Thank you so very much for your open and honest posts. I mentioned we had had a big disagreement and it was very much over the same thing. I was trying to protect him and discourage him from doing anything that will exert or exhaust him and he told me I was taking away who he was. He likes to build things and we were in the middle of our sunroom renovations when he got just too weak to work and for a year we did nothing. Hi meds for his breathlesness, albuterol, has an effect on him. It gives him the incentive to do things again but the down side is it makes him aggressive and nasty sometimes. After a lot of thought I realized that if it was me with the degenerative disease, I would want to deal with it my way and I have to sit back and allow him the same privilege even if it isn't good for him. So we have started work on the sunroom again. Three days of working a couple of hours a day for him now has him totally exhausted and in a lot of pain and barely able to move but he is so happy he has accomplished something. He is no where as far along the line as your Dennis and I suspect we have a few more years yet as long as his heart doesn't give up on him. I hope you keep your blog up even if you don't post to it after the inevitable as it helps me so very much.
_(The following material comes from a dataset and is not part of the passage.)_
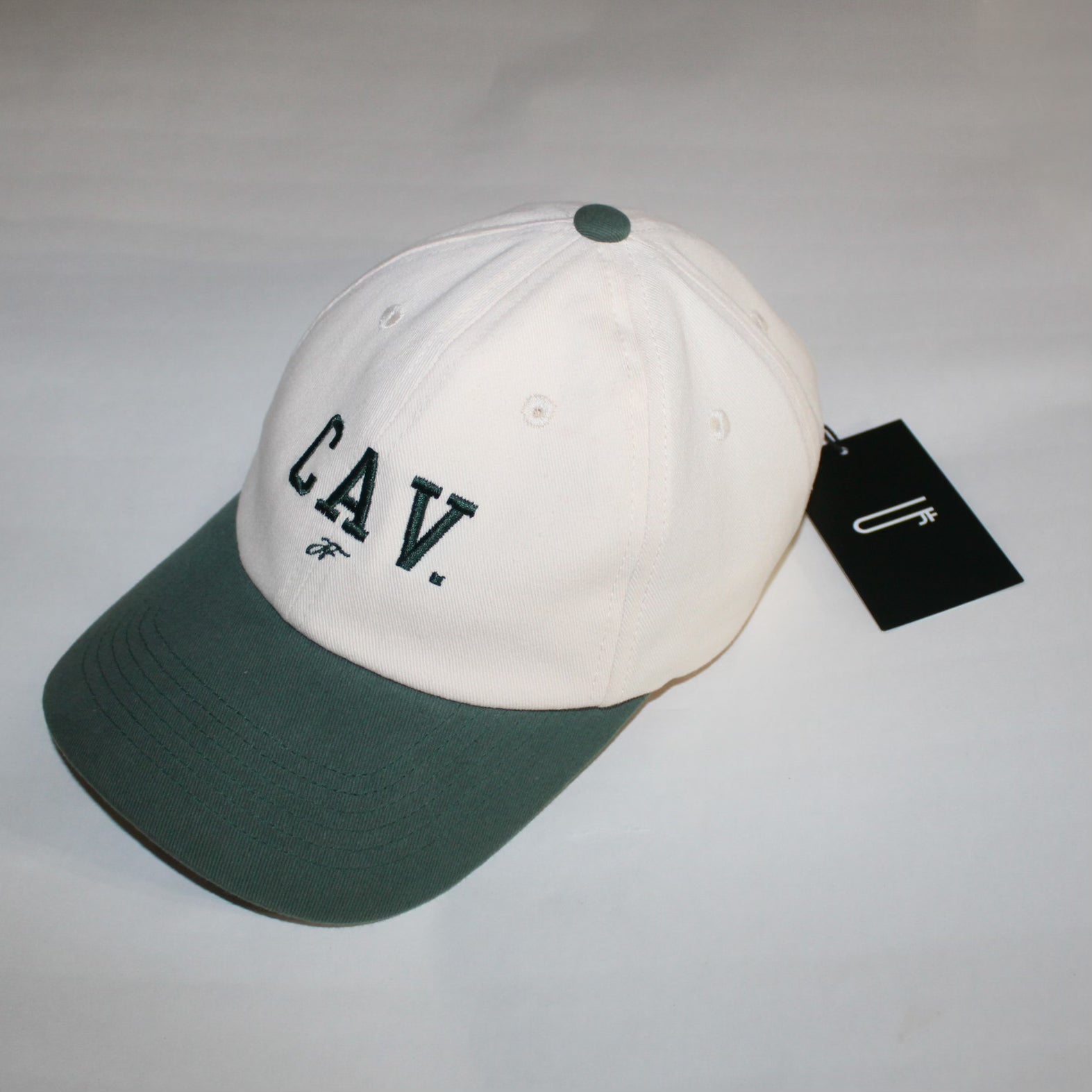 Crafted from premium cotton, our Signature Hat exudes sophistication. Featuring a sleek metal clasp for adjustment, it offers both style and comfort. Available in cream with emerald green accents.

God bless you both.
Tom and Heather, I am again in tears. Thank you = there is some relief in tears.
I am sure there are no right answers - just guesses as to what is right at any given moment. And the doctors do not really know what is right - we live with them, they do not.
Tomorrow, and from now on, Dennis will eat and drink as he pleases, without my arguements. I may not like it, but he is in charge from now on. And any of you may call me on it when I become too controlling. However, I am sure Dennis will tell me first.
Oh Ann. I think you're right though, let him enjoy what he can. I hope the extra work isn't too hard on you.
I hope you two have a very happy New Years celebration.
Tracy
Ann, your post brought tears to my eyes. I know you don't want Dennis to die, but you're right about letting him have what he wants right now. Sometimes quality of life is better than quantity.
Hello Ann and Dennis!
I popped in here to see how you were doing..and found all your lovely pictures,too. What a treat! My SIL comes from Brazil..so it is interesting the see alittle more of this wonderful continent.
I think of you daily..and I mean that. You are always near me. I even talk to you sometimes..since I have started talking to myself out loud. I sometimes forget to keep it very low with others around..but I don´t care anymore. I am getting to the "grand old lady" status..so I can do what I want..most of the time.
Hugs to you both..I hope the holidays were ok anyway..despite the ups and downs.
Love/Iva
Oh Annie, this made me cry--for both of you. It's interesting that this struggle is also causing growth and growth is usually brought about by pain.
You are both in my thoughts and prayers.